Die anhaltend hohen Spritpreise reißen tiefe Löcher ins Portemonnaie. Doch durch ein paar einfache Tricks lassen sich ohne Zeitverlust bis zu 25 Prozent Kraftstoff sparen. Die TÜV Rheinland-Kraftfahrt-Experten verraten, wie es geht.
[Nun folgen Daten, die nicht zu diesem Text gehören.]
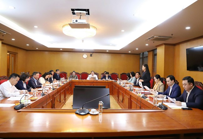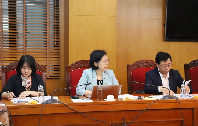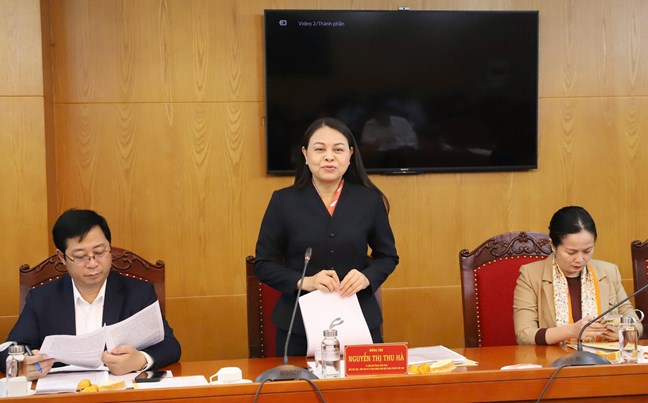 | Phó Chủ tịch - Tổng Thư ký Nguyễn Thị Thu Hà phát biểu tai cuộc làm việc |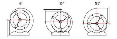AYF系列外轉子風機制成整體結構,風機可分為左旋和右旋兩種,即從電機出線一側正視,葉輪逆時針旋轉稱為左旋,葉輪順時針旋轉稱為右旋。用戶訂貨時須注明風機旋向。AKF系列外轉子風機可制成0°、90°、180°三種常規角度(如下圖所示),也可按客戶要求制成任何安裝角度。

  • Vorausschauend fahren:
    Frühzeitiges Schalten bei etwa 2000 Umdrehungen in einen höheren Gang reduziert die Motorendrehzahl und somit den Verbrauch. Moderne Pkw fahren heute im Stadtverkehr schon bei Tempo 50 ohne Ruckeln im fünften Gang. Bei Automatik-Autos während des Beschleunigens das Gaspedal ein wenig lüpfen. Dann wählt der Automat von selbst die nächsthöhere Fahrstufe.
  • Kurzstrecken meiden:
    Auf den ersten Kilometern ist der Verbrauch besonders hoch. Denn in der Kaltstartphase läuft ein Benzinmotor mit „fetterem“ Gemisch und genehmigt sich bis zu 30 Liter pro 100 Kilometer.
  • Motor abstellen:
    Im Stau oder schon bei Ampelstopps von mehr als 15 Sekunden lohnt es sich, das Triebwerk abzuschalten. Eine Stunde Leerlauf kostet mindestens einen Liter Kraftstoff.
  • Gefälle ausnutzen:
    Auf Gefällstrecken und beim Ausrollen vor Stoppschildern die Schubabschaltung des Motors ausnutzen. Geht der Fuß vom Gas, unterbrechen Einspritzaggregate die Kraftstoff-Zufuhr. Die Maschine bremst den Wagen, ohne einen Tropfen Kraftstoff zu verbrennen.
  • Motor richtig schmieren:
    Wer seinem Auto ein synthetisches Leichtlauf-Motorenöl (etwa 0W-30) gönnt, kann nochmals bis zu sechs Prozent einsparen. Denn diese Schmierstoffe reduzieren den Reibungswiderstand im Motor und damit auch den Verbrauch.
  • Stromverbraucher abschalten:
    Energiefresser wie Klimaanlage oder heizbare Heckscheibe möglichst sinnvoll einsetzen. Allein die Aircondition erhöht den Verbrauch pro Stunde um bis zu 0,7 Liter.
  • Kofferraum entrümpeln:
    Auch unnötiger Ballast kostet Sprit. Deshalb den Kofferraum entrümpeln. 100 Kilogramm Zusatzgewicht ergeben bis zu 0,3 Liter Mehrverbrauch.
  • Dach räumen:
    Ungenutzte Dachgepäck- oder Skiträger schlagen schnell mit einem Liter zu Buche.
  • Reifendruck checken:
    Beim Reifenluftdruck gilt: Schon 0,2 bar zu wenig bedeuten bis zu zehn Prozent mehr Verbrauch.